:: Material provided ::
----

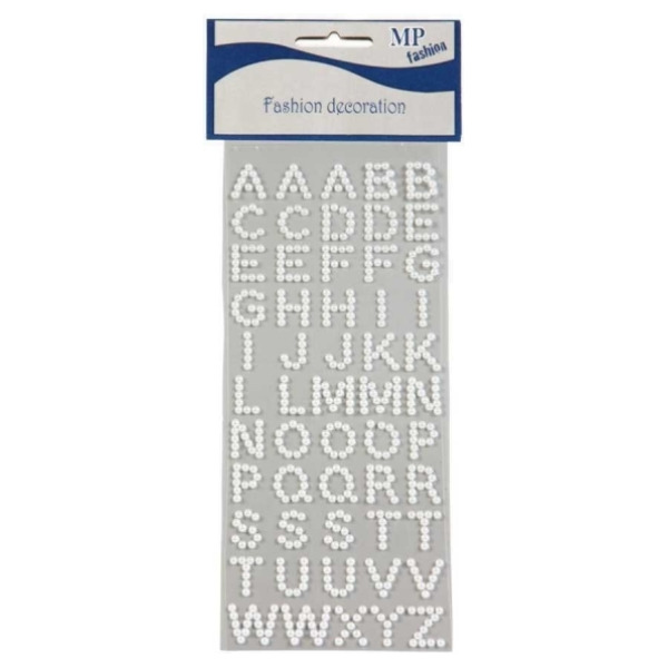 Lettere perle stickers 55 pz cm 9,1x25 white
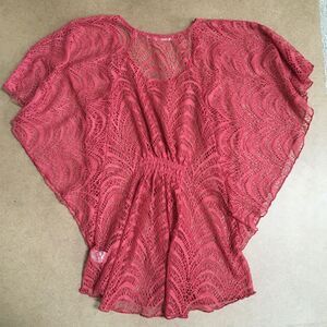 Maurices Lace Swim Cover Up/Poncho Size M Rust Orange Elastic Waist
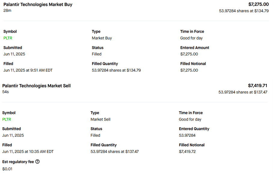 My original target was TSLA (stay flexible). PLTR was making a good move above tge 9EMA on the 15 & 5 minute. Got an OK entry. Fell right after (don't panic sell). Then it turned and never looked back. Started a new exit strategy, once I hit my 1% goal, I am watching the 1 minute for strength in movement. At 10am, it appeared to be losing momentum. Good solid gain. Kept going after my exit. Now above 138.
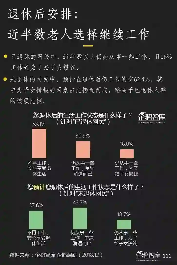 在目前已经退休的网民中,有接近半数的人选择了继续进行一些工作,而尚未退休的中老年人,对将来退休后是否继续工作,则抱有更高比例的意愿。

----

:: Exercise ::
Could the material above be given again in full and exactly, with its pictures left out?

:: Completed exercise ::
 Lettere perle stickers 55 pz cm 9,1x25 white
 Maurices Lace Swim Cover Up/Poncho Size M Rust Orange Elastic Waist
 My original target was TSLA (stay flexible). PLTR was making a good move above tge 9EMA on the 15 & 5 minute. Got an OK entry. Fell right after (don't panic sell). Then it turned and never looked back. Started a new exit strategy, once I hit my 1% goal, I am watching the 1 minute for strength in movement. At 10am, it appeared to be losing momentum. Good solid gain. Kept going after my exit. Now above 138.
 在目前已经退休的网民中,有接近半数的人选择了继续进行一些工作,而尚未退休的中老年人,对将来退休后是否继续工作,则抱有更高比例的意愿。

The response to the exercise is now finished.